| Exercise details |
From the listing below, give again exactly the lines from the line with "Chú chó con" to the line with "Stolik z szufladą", ends included, without any pictures.

| Records shown |
>>>>

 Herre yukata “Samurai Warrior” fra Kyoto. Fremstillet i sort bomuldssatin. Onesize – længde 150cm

<<<<
>>>>

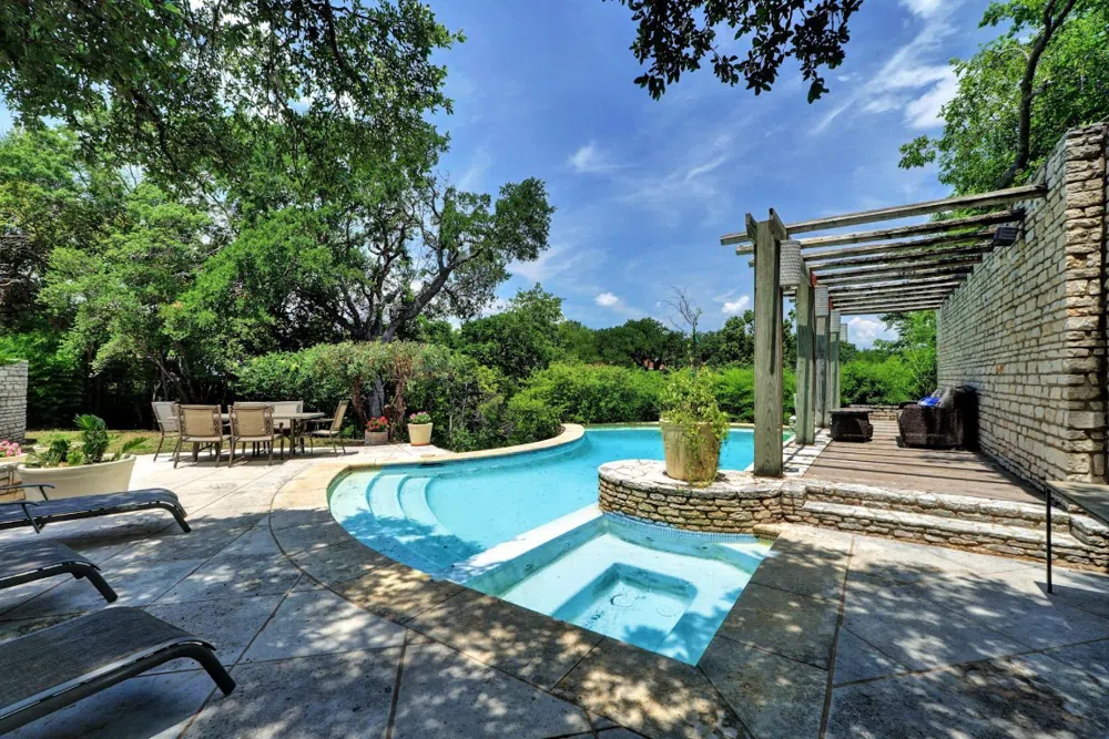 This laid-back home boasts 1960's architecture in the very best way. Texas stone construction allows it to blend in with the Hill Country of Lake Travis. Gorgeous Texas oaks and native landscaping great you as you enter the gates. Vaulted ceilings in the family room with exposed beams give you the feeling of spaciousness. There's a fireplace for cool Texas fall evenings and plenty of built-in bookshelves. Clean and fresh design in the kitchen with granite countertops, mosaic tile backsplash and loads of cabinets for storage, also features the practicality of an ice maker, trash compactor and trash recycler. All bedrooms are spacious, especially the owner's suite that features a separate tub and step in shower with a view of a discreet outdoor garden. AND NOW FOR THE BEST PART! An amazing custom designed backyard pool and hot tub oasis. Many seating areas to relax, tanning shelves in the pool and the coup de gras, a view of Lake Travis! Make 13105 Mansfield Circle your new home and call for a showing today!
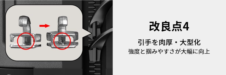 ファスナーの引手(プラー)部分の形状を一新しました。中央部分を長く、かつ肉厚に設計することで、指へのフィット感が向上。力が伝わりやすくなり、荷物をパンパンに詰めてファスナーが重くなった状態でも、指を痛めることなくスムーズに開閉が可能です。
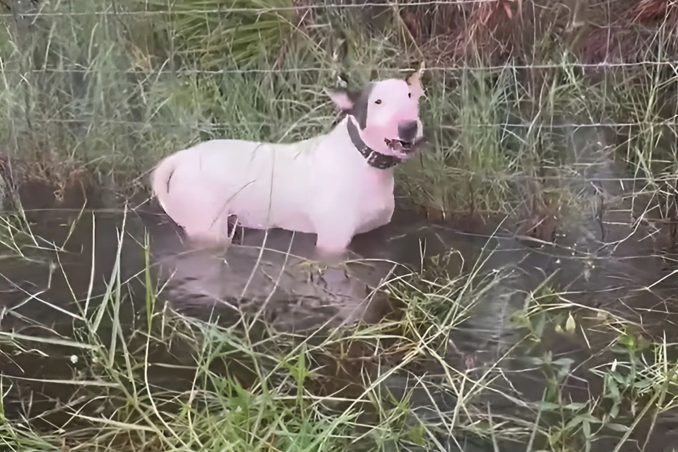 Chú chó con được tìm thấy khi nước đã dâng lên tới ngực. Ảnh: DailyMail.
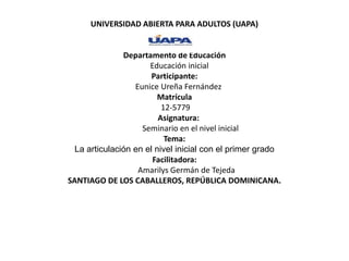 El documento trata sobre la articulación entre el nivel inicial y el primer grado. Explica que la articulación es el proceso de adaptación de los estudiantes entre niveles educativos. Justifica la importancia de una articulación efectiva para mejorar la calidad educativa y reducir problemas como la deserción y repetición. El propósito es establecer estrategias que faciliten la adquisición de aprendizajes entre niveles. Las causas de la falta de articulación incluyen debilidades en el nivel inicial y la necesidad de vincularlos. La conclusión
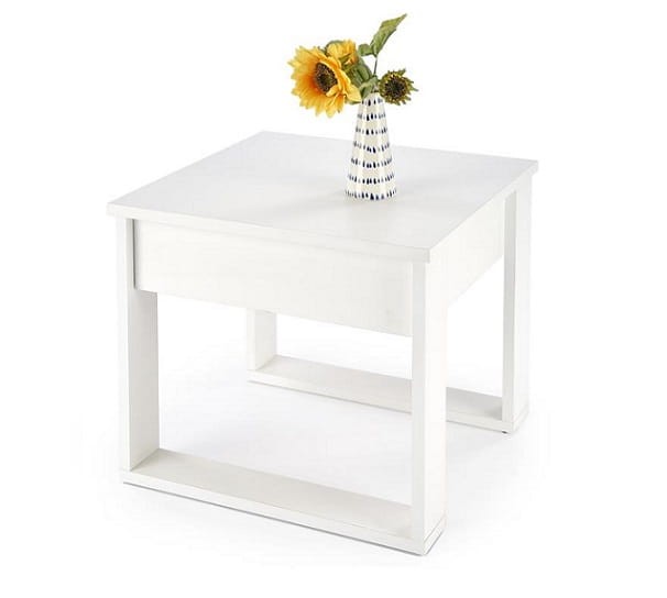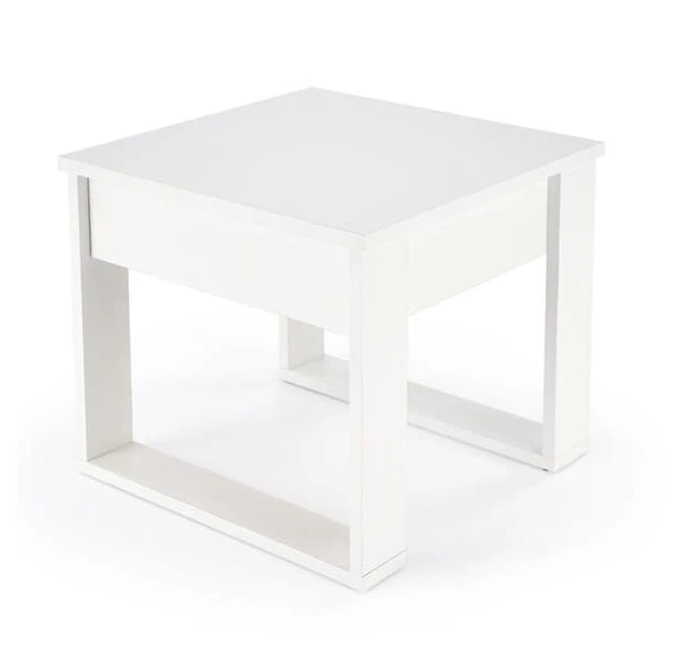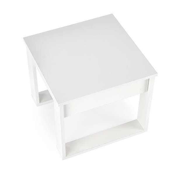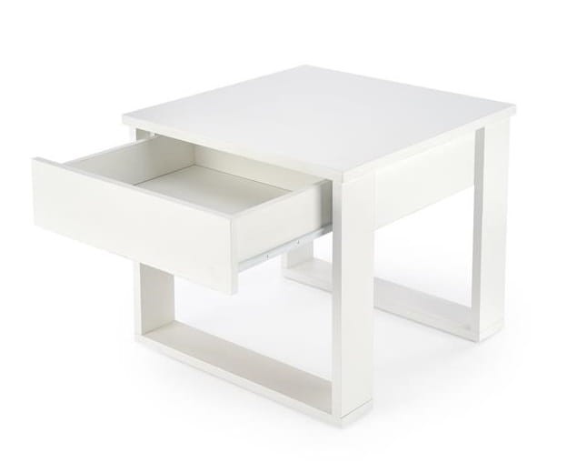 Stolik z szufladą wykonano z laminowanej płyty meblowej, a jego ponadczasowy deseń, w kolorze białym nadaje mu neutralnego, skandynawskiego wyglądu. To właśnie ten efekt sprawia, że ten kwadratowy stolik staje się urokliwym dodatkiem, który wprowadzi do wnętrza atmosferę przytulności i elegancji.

<<<<

| Expected answer |
 Chú chó con được tìm thấy khi nước đã dâng lên tới ngực. Ảnh: DailyMail.
 El documento trata sobre la articulación entre el nivel inicial y el primer grado. Explica que la articulación es el proceso de adaptación de los estudiantes entre niveles educativos. Justifica la importancia de una articulación efectiva para mejorar la calidad educativa y reducir problemas como la deserción y repetición. El propósito es establecer estrategias que faciliten la adquisición de aprendizajes entre niveles. Las causas de la falta de articulación incluyen debilidades en el nivel inicial y la necesidad de vincularlos. La conclusión
 Stolik z szufladą wykonano z laminowanej płyty meblowej, a jego ponadczasowy deseń, w kolorze białym nadaje mu neutralnego, skandynawskiego wyglądu. To właśnie ten efekt sprawia, że ten kwadratowy stolik staje się urokliwym dodatkiem, który wprowadzi do wnętrza atmosferę przytulności i elegancji.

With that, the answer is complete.